Personal information
- Full name: Tom Cochrane
- Born: 27 January 2006 (age 20)
- Original team: Central District (SANFL)
- Draft: No. 13, 2024 AFL rookie draft
- Debut: Round 3, 2025, Port Adelaide vs. Essendon, at Adelaide Oval
- Height: 183 cm (6 ft 0 in)
- Position: Midfielder / Forward

Club information
- Current club: Port Adelaide
- Number: 26

Playing career^{1}
- Years: Club / Games (Goals)
- 2025–: Port Adelaide / 6 (4)
- ^{1} Playing statistics correct to the end of round 22, 2026.

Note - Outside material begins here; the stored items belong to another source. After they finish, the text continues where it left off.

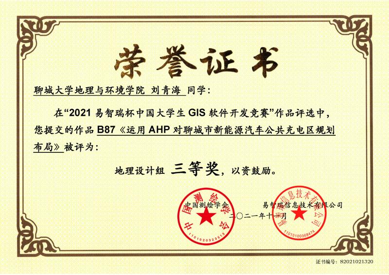 刘青海在2021易智瑞杯中国老员工GIS软件开发竞赛作品评选中获得三等奖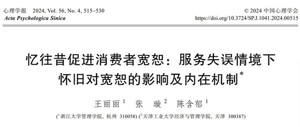 WB官网市场营销学系王丽丽教授团队的一项研究发现,主打“情怀”、唤起消费者回忆、引发消费者共鸣的企业,在服务补救上更容易占据优势。日前,团队发表于《心理学报》的研究《忆往昔促进消费者宽恕:服务失误情境下,怀旧对宽恕的影响及内在机制》对这一企业关注的议题进行了深入探究。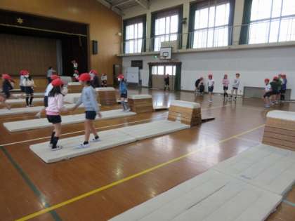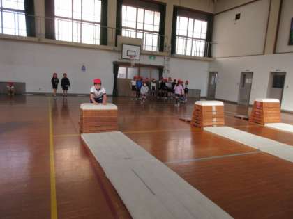 体育では,とび箱運動をしています。もうすぐできそうな技や高さに挑戦しています。成功できるように友だち同士でアドバイスを掛けあいながら練習に取り組んでいるところです。

= Tom Cochrane (footballer) =

Australian rules footballer

Tom Cochrane (born 27 January 2006) is an Australian rules footballer who plays for the Port Adelaide Football Club in the Australian Football League (AFL).

==Early life==
Cochrane grew up with Tourette syndrome, having started having vocal tics at age of 9. He played junior football for Central District in the South Australian National Football League (SANFL). He performed strongly in the SANFL under-18s, including a notable game in the 2024 grand final where he collected 22 disposals and kicked a goal.

==AFL career==
Cochrane was selected by Port Adelaide with pick 13 in the 2024 AFL rookie draft. He joined the Power as a midfielder and forward.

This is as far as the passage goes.